Eine suchfreundliche Gestaltung der Inhalte mit passenden Keywords, klaren Bildunterschriften, Alternativtexten, Standortangaben und einer übersichtlichen Profilstruktur unterstützt die Auffindbarkeit und erhöht die Wahrscheinlichkeit, dass Inhalte geteilt oder gespeichert werden. Social-Media-Inhalte sollten zudem zur jeweiligen Zielgruppe, zur Plattform und zum Nutzungskontext passen. Persönliche und kulturelle Anknüpfungspunkte schaffen Relevanz und stärken die Bindung. Nur Inhalte, die in diesem Umfeld stimmig sind, können dauerhaft Aufmerksamkeit erzeugen.
KI-gestützte Systeme für mehr Transparenz
KI-gestützte Software kann Hoteliers helfen, bessere Einblicke in ihre digitale Sichtbarkeit zu gewinnen.
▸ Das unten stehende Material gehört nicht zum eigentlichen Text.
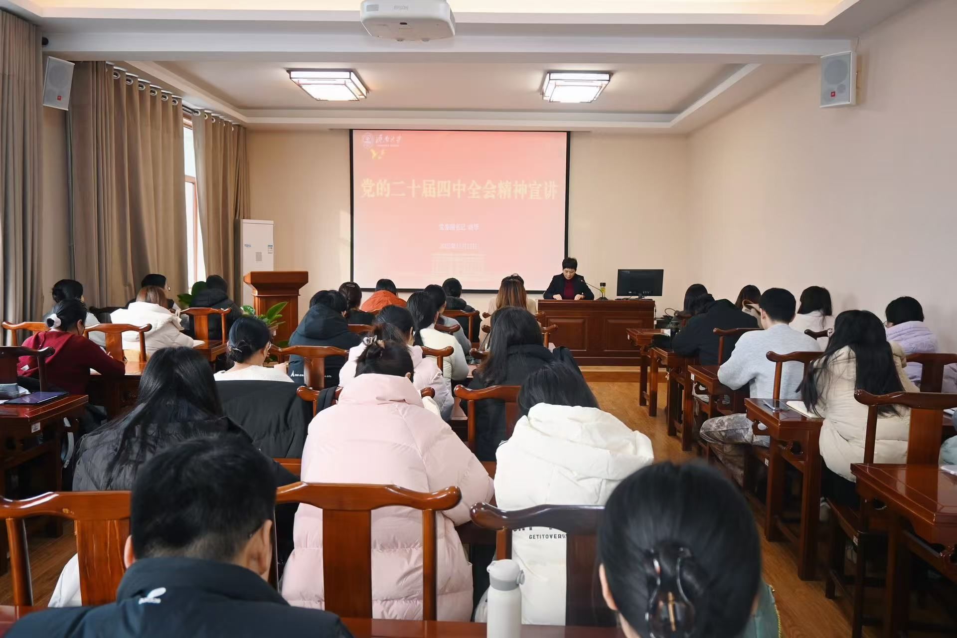 研究生党支部讲授党的二十届四中全会精神专题党课。支部全体党员参加了此次学习。党委宣传部副部长马杰陪同,学院领导班子成员一起聆听授课。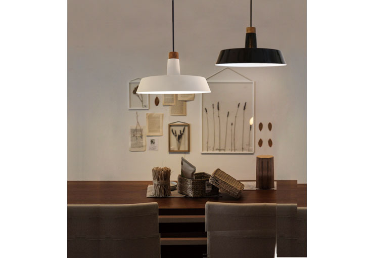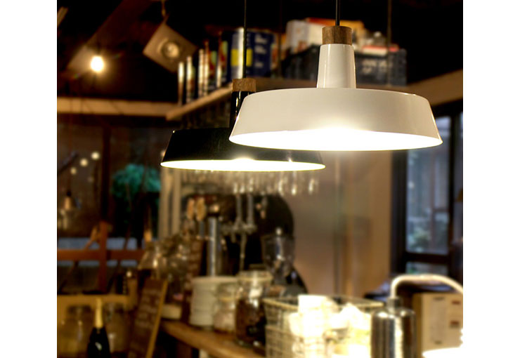 シェードに艶のある塗装を施し、琺瑯(ほうろう)の様な質感に仕上げています。清潔感溢れる印象で、キッチンやサニタリースペースにおすすめです。

Access Evo bildet das gesamte digitale Ökosystem eines Hotels ab, einschließlich zentraler Stationen der Guest Journey von der ersten Google-Suche bis zur Nutzung von Treueprogrammen. Bislang getrennte Systeme werden gebündelt, um Informationen besser nutzbar zu machen und Angebote gezielter an potenzielle Gäste auszuspielen. Für Hotelbetriebe stellt dies einen ersten Schritt dar, um ihre Auffindbarkeit in sich wandelnden Suchquellen zu verbessern.